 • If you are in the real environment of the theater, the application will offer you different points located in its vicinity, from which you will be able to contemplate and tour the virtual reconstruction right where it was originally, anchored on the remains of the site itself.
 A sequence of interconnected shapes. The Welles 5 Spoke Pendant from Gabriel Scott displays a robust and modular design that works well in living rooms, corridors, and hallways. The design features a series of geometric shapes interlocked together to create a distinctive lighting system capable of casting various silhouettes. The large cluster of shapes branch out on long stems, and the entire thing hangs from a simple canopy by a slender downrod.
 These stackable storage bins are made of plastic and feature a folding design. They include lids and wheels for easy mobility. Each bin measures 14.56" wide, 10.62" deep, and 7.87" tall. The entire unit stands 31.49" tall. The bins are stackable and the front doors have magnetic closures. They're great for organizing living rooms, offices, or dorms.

◇ ◇ ◇ ◇

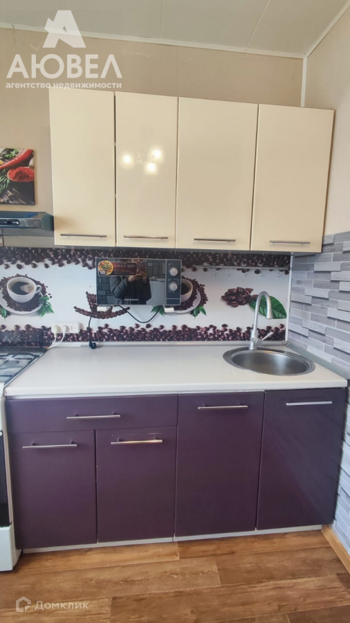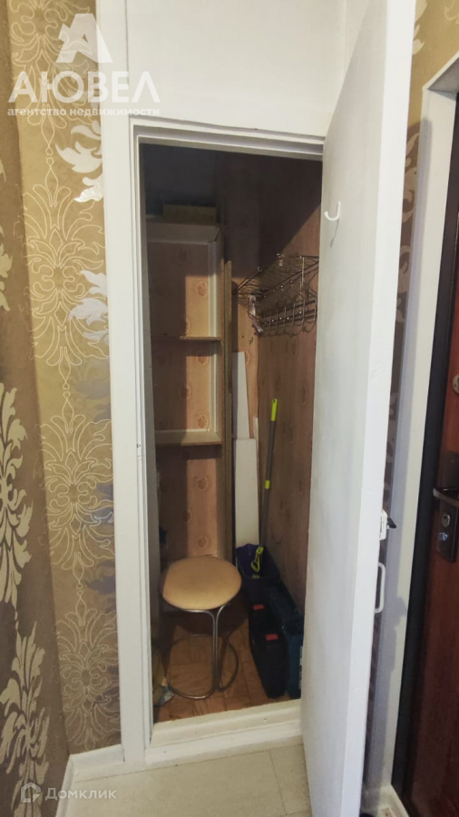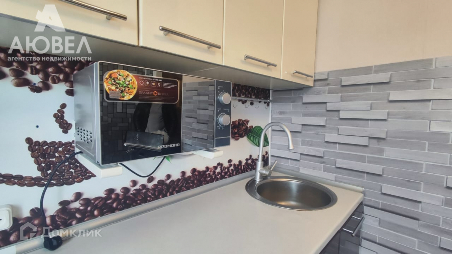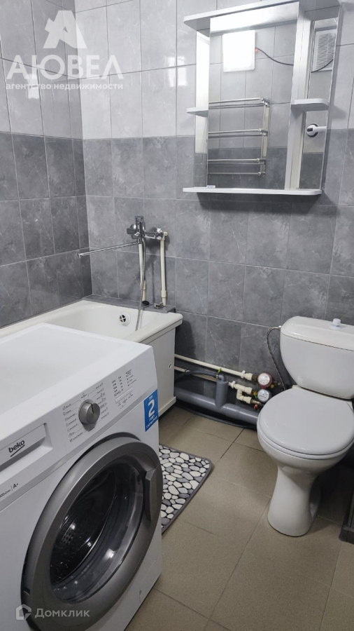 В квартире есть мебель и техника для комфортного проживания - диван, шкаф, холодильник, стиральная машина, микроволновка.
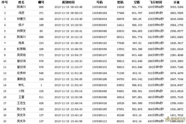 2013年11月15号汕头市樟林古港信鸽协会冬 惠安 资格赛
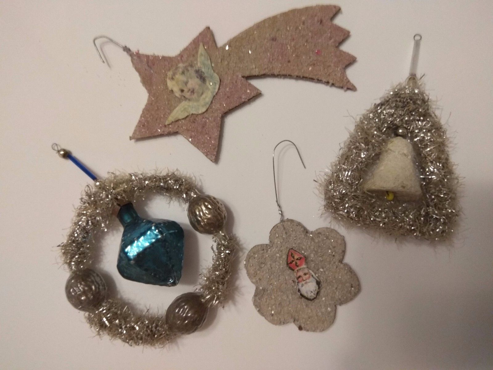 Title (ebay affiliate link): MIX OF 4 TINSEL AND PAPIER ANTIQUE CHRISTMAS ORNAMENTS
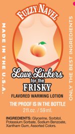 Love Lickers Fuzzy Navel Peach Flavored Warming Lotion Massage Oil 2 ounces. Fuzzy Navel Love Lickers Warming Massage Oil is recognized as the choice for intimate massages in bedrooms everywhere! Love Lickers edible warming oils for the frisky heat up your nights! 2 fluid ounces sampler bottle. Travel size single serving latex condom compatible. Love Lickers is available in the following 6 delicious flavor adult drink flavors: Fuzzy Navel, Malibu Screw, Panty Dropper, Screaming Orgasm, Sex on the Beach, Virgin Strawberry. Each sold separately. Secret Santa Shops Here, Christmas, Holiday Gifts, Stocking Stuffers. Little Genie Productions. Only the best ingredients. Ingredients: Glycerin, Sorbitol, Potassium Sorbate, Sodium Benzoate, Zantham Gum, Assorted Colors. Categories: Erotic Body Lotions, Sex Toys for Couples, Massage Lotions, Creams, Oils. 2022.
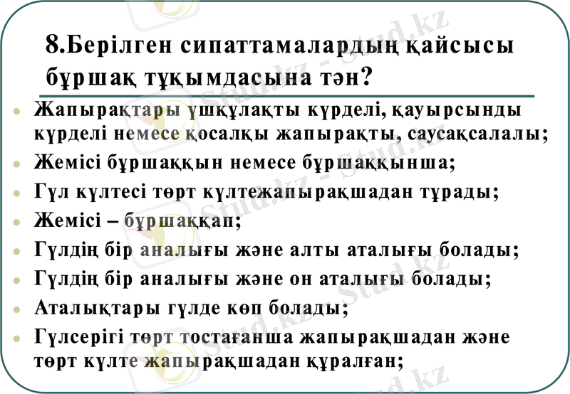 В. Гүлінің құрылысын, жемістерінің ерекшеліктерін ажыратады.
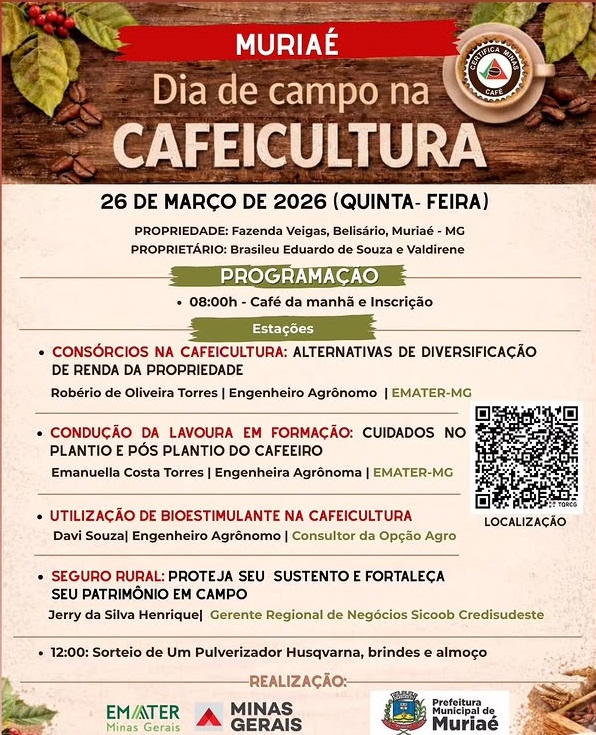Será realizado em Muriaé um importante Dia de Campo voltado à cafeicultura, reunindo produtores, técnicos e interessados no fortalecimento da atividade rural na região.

◇ ◇ ◇ ◇

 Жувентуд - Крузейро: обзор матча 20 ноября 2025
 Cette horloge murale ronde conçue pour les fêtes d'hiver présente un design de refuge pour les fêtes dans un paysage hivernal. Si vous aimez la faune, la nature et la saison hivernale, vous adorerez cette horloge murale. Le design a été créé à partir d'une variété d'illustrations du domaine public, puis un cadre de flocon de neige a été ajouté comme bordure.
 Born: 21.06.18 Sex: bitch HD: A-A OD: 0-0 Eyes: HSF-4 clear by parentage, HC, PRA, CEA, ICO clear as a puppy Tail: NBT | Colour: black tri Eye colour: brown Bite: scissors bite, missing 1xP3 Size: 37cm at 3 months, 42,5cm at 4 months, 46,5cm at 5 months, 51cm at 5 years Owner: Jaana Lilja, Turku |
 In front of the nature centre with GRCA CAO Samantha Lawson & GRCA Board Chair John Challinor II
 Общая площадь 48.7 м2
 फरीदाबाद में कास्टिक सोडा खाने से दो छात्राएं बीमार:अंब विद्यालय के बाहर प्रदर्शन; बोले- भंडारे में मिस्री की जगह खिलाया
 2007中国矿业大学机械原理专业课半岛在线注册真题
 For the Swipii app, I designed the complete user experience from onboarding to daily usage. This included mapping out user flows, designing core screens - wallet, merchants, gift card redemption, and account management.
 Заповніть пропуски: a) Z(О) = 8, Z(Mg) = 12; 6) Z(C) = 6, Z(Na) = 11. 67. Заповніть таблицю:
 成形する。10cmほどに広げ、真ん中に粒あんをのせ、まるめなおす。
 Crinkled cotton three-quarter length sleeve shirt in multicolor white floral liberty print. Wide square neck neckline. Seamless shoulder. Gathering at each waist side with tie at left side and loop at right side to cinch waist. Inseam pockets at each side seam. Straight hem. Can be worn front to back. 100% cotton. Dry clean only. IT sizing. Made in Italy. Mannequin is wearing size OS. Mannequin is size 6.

◇ ◇ ◇ ◇

-- PROBLEM TO SOLVE --
Using only the entries above, output the line with "the site itself.", the line with "A sequence of", and all lines between them, exactly as they stand.

-- ANSWER BOX --
 • If you are in the real environment of the theater, the application will offer you different points located in its vicinity, from which you will be able to contemplate and tour the virtual reconstruction right where it was originally, anchored on the remains of the site itself.
 A sequence of interconnected shapes. The Welles 5 Spoke Pendant from Gabriel Scott displays a robust and modular design that works well in living rooms, corridors, and hallways. The design features a series of geometric shapes interlocked together to create a distinctive lighting system capable of casting various silhouettes. The large cluster of shapes branch out on long stems, and the entire thing hangs from a simple canopy by a slender downrod.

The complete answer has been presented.